▶ **THE DATA**
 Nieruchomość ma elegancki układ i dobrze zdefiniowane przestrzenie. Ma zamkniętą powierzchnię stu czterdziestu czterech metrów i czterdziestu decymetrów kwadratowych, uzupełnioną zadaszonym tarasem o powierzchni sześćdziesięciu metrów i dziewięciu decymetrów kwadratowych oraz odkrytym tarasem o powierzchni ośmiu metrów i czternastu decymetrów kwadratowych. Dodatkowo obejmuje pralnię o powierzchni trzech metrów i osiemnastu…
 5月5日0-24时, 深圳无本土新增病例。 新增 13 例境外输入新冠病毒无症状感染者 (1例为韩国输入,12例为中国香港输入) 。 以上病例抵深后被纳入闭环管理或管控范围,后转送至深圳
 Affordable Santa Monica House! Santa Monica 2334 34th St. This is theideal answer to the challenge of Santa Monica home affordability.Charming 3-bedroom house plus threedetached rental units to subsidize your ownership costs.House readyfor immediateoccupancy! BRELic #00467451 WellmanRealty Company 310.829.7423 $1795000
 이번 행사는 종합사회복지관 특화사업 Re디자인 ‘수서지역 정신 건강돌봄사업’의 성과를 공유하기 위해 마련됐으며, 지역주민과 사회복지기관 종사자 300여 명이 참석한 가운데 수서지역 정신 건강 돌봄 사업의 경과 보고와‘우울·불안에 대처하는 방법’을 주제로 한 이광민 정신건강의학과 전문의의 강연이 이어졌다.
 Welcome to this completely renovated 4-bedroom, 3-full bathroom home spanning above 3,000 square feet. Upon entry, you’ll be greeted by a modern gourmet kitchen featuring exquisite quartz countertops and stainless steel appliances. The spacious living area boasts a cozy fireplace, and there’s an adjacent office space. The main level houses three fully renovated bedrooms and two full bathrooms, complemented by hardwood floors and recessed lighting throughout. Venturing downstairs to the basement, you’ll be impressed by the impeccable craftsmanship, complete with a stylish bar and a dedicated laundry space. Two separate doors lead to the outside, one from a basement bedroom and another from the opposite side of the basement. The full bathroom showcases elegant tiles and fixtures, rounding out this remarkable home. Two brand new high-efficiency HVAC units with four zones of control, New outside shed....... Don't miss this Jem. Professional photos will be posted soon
==
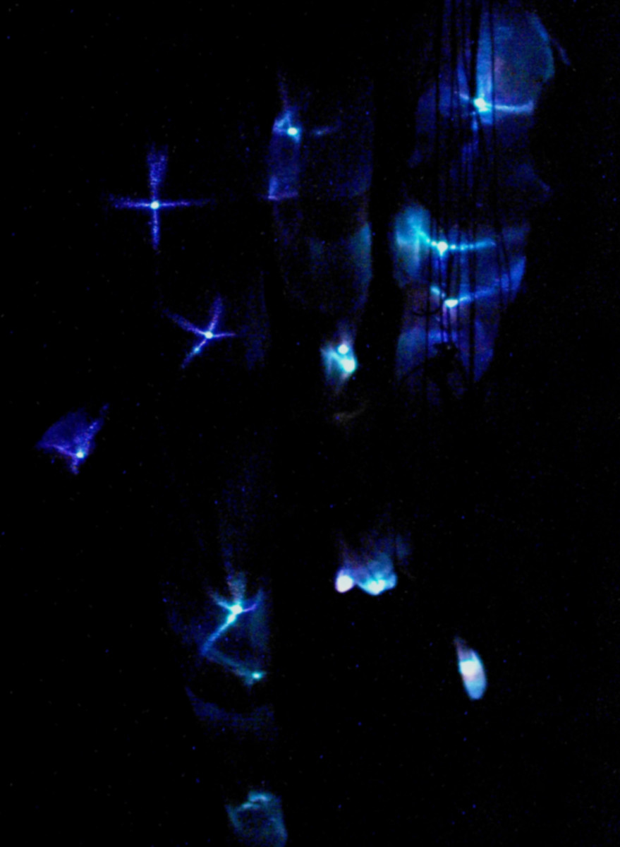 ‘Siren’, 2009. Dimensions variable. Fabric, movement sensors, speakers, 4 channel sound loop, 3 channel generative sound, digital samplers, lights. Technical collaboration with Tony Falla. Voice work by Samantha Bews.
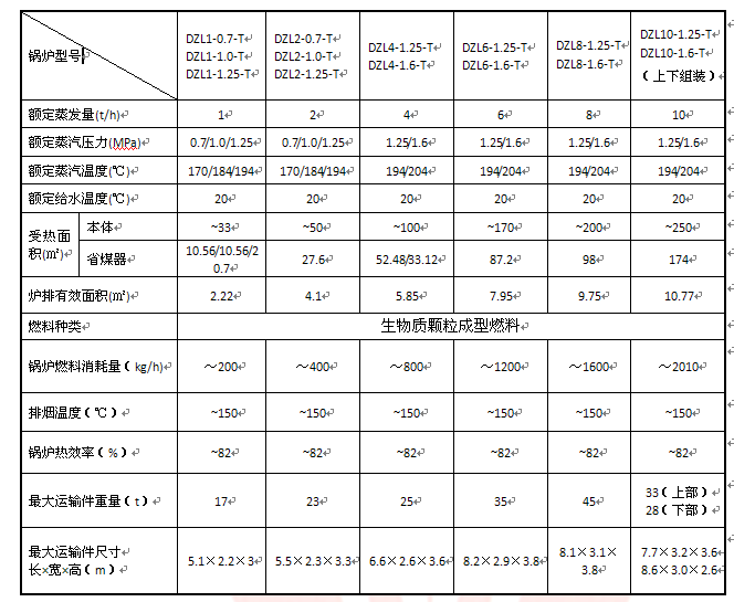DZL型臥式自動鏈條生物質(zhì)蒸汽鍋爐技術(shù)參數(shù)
==
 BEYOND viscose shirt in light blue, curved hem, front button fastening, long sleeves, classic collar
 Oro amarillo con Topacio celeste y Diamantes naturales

▶ **ACTIVITY**
After identifying the lines above that contain "units", copy each one.

▶ **ANSWER FOR THIS EXERCISE**
 Affordable Santa Monica House! Santa Monica 2334 34th St. This is theideal answer to the challenge of Santa Monica home affordability.Charming 3-bedroom house plus threedetached rental units to subsidize your ownership costs.House readyfor immediateoccupancy! BRELic #00467451 WellmanRealty Company 310.829.7423 $1795000
 Welcome to this completely renovated 4-bedroom, 3-full bathroom home spanning above 3,000 square feet. Upon entry, you’ll be greeted by a modern gourmet kitchen featuring exquisite quartz countertops and stainless steel appliances. The spacious living area boasts a cozy fireplace, and there’s an adjacent office space. The main level houses three fully renovated bedrooms and two full bathrooms, complemented by hardwood floors and recessed lighting throughout. Venturing downstairs to the basement, you’ll be impressed by the impeccable craftsmanship, complete with a stylish bar and a dedicated laundry space. Two separate doors lead to the outside, one from a basement bedroom and another from the opposite side of the basement. The full bathroom showcases elegant tiles and fixtures, rounding out this remarkable home. Two brand new high-efficiency HVAC units with four zones of control, New outside shed....... Don't miss this Jem. Professional photos will be posted soon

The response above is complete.